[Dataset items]
------------------------------------------------
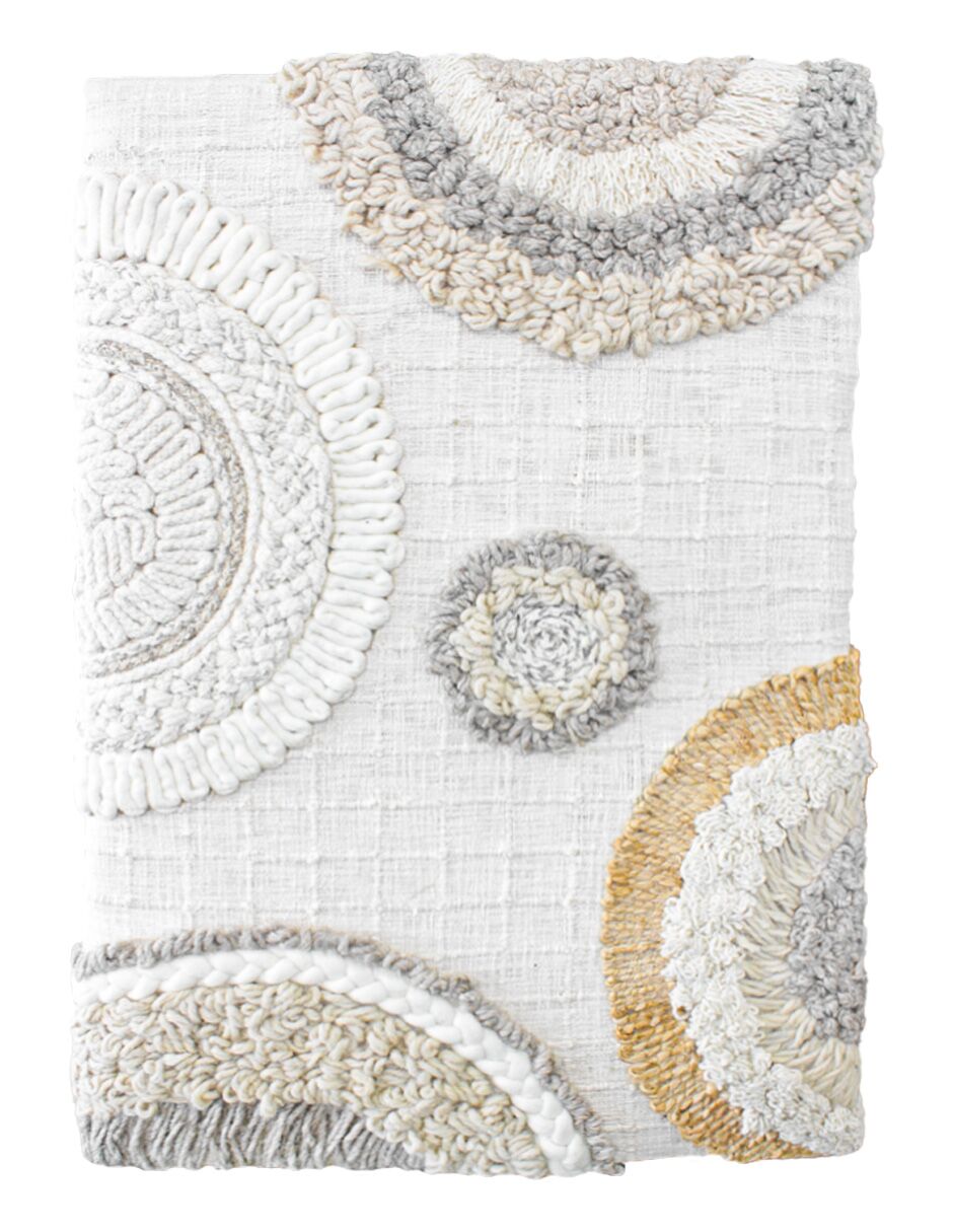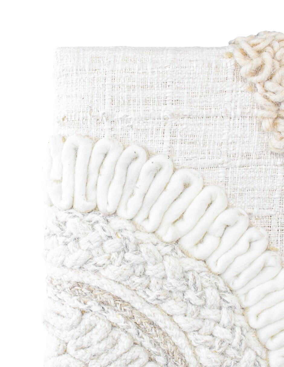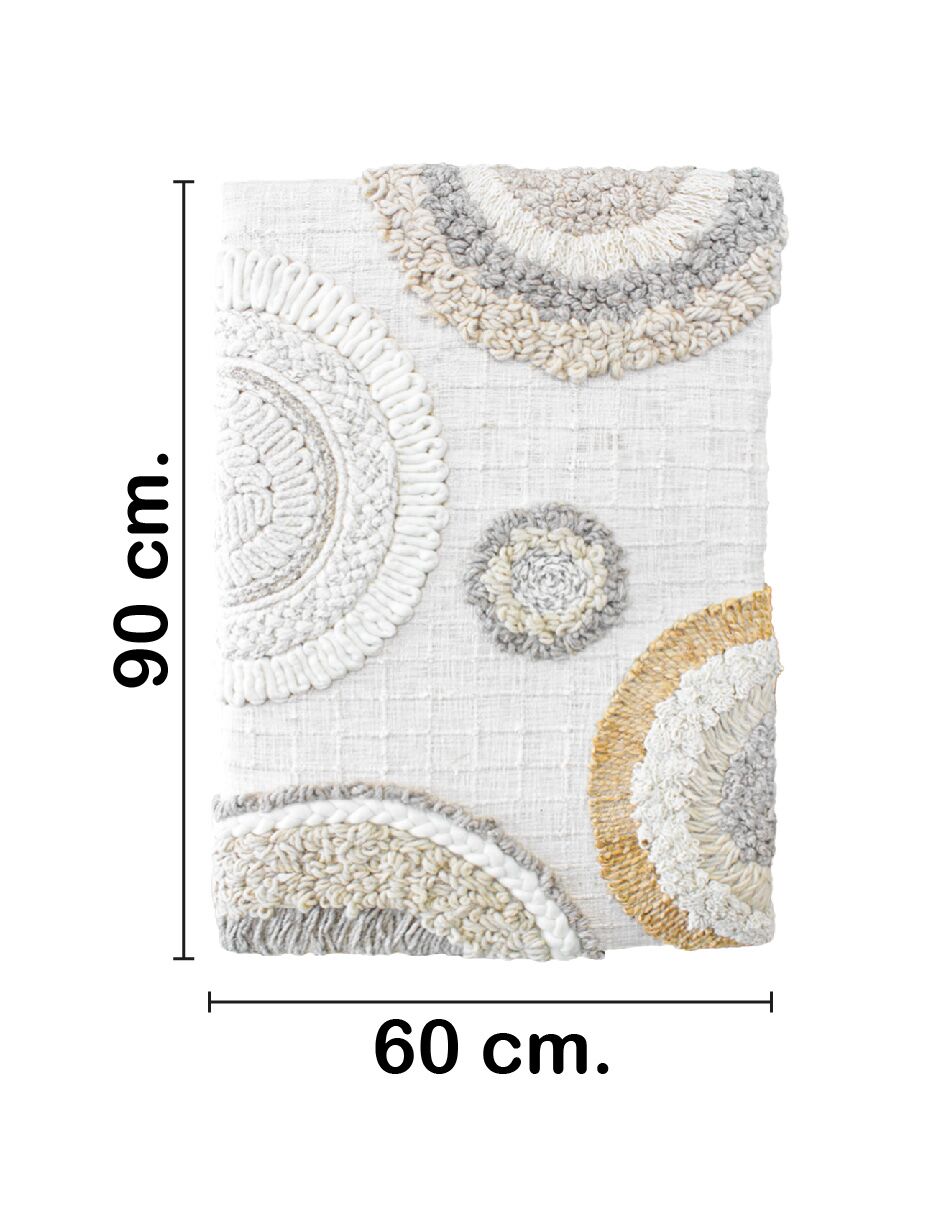 Cuadro de lana con círculos tejidos en tonos beige y grises de 60X90cm
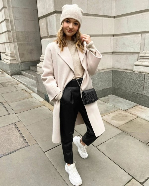 Чорні штани – самий базовий предмет жіночого гардеробу. До чорних штанів підходять яскраві, але обов’язково монохромні кросівки.
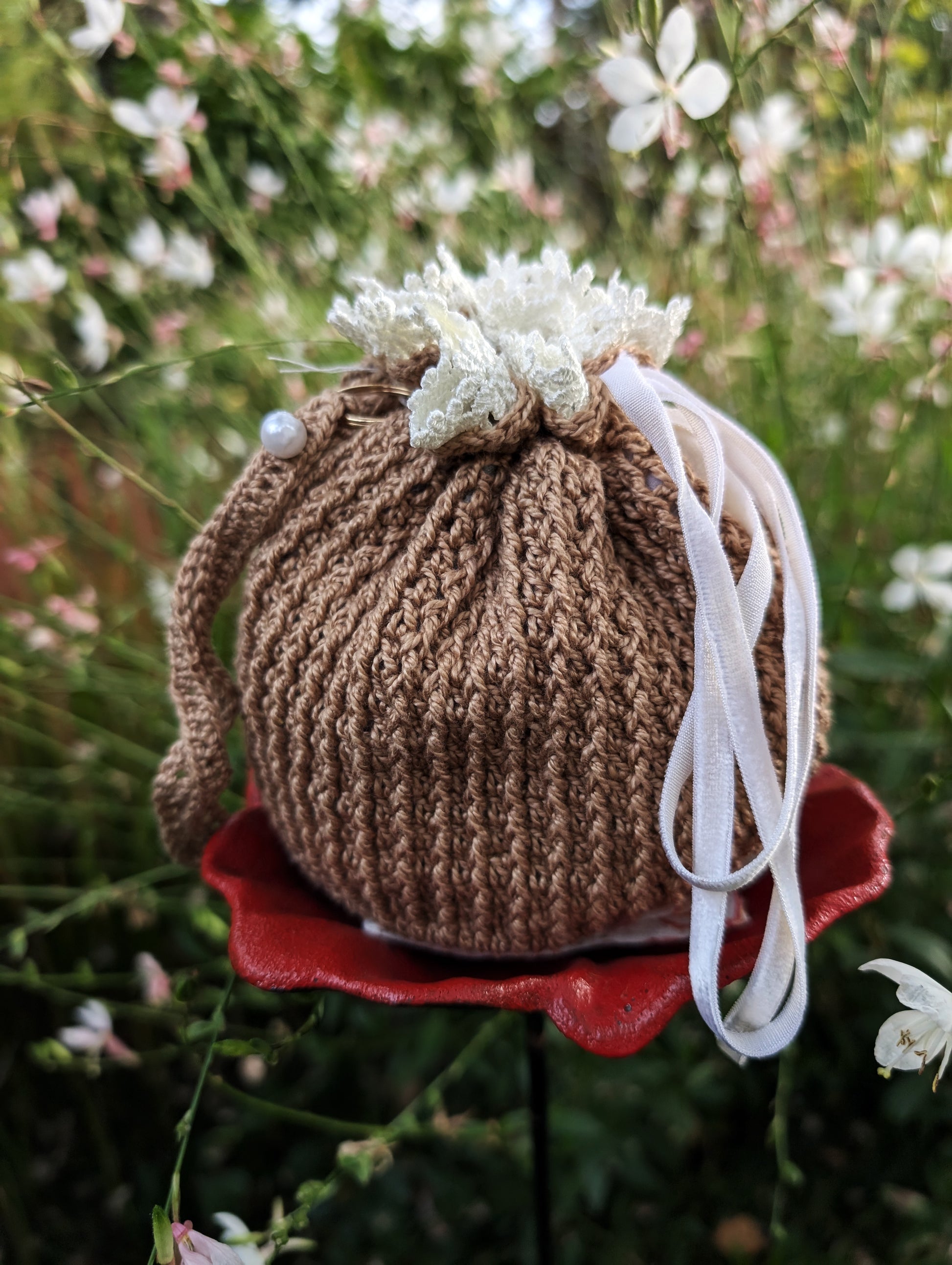 This satchel carries more than scent and satin. It remembers letters never sent, rendezvous in lamp-lit parlours, and gloves held too tightly in wringing hands. Threads of lace wind like secrets through its form, each stitch deliberate, delicate, and knowing.
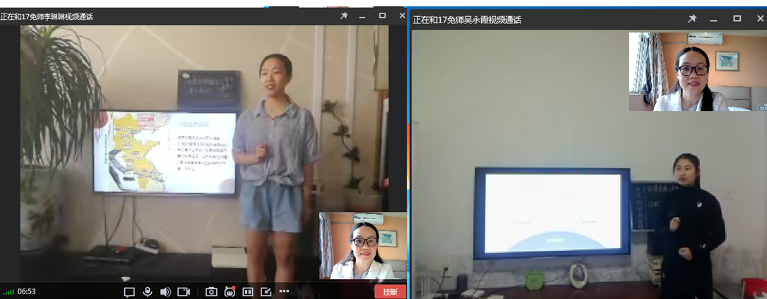 但对于李剑老师来说,她觉得线上教学并没有太大的困难。李剑老师是中学地理教学论课程的主讲教师,长期指导师范生从业技能训练和教育实习,指导学生多次获得省级师范生教学技能大赛特等奖和一等奖。而在疫情发生前,在寒假前实习组的师范生实习试讲活动中,李老师就已经通过听课,基本了解所指导的每个学生的教学技能尤其是教学基本功的优缺点,并针对各自特点,为每位学生制定了寒假期间居家进行基本功训练的计划。这为开学后的教育实习奠定了良好基础,也为应对突如其来的线上模拟教育实习做好了“战略储备”。
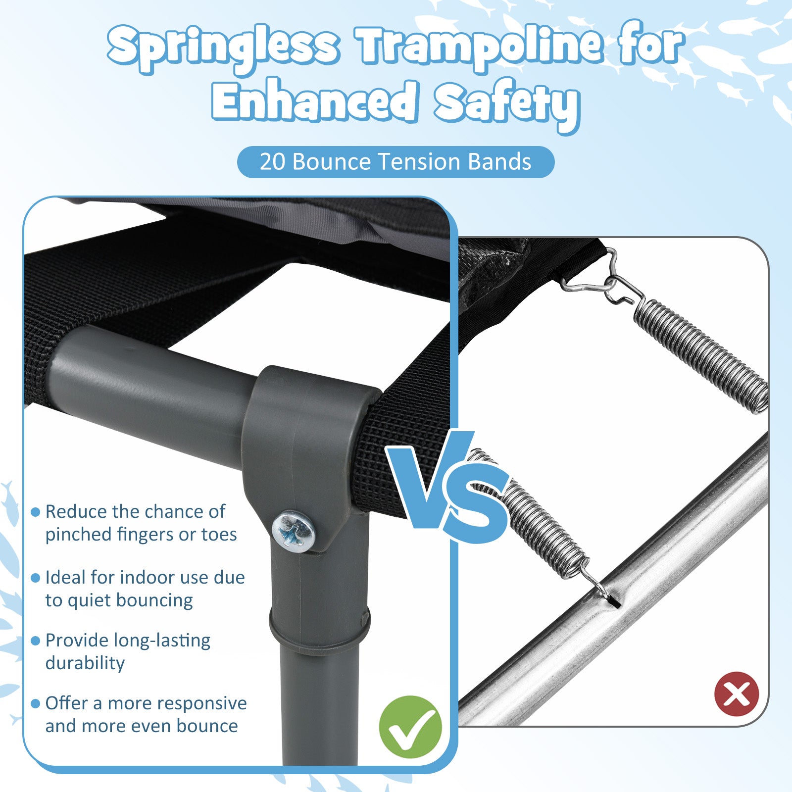 ● Compact and foldable for small spaces● Extra fun with LED lights around the jumping mat● Springless design for enhanced safety● Features a high-resilient and anti-skid jumping mat● Comes with an attractive padded safety cover● Equipped with a foam handrail and anti-slip foot pads● Constructed with a sturdy metal frame● Encourages active play instead of watching TV and more● Easy assembly and disassembly with push-in legs
------------------------------------------------
| EXERCISE |
Transcribe only this stretch of the data: the line with "This satchel carries", the line with "但对于李剑老师来说,她觉得线", and every line in between. Leave out the pictures.

| RESPONSE AREA |
 This satchel carries more than scent and satin. It remembers letters never sent, rendezvous in lamp-lit parlours, and gloves held too tightly in wringing hands. Threads of lace wind like secrets through its form, each stitch deliberate, delicate, and knowing.
 但对于李剑老师来说,她觉得线上教学并没有太大的困难。李剑老师是中学地理教学论课程的主讲教师,长期指导师范生从业技能训练和教育实习,指导学生多次获得省级师范生教学技能大赛特等奖和一等奖。而在疫情发生前,在寒假前实习组的师范生实习试讲活动中,李老师就已经通过听课,基本了解所指导的每个学生的教学技能尤其是教学基本功的优缺点,并针对各自特点,为每位学生制定了寒假期间居家进行基本功训练的计划。这为开学后的教育实习奠定了良好基础,也为应对突如其来的线上模拟教育实习做好了“战略储备”。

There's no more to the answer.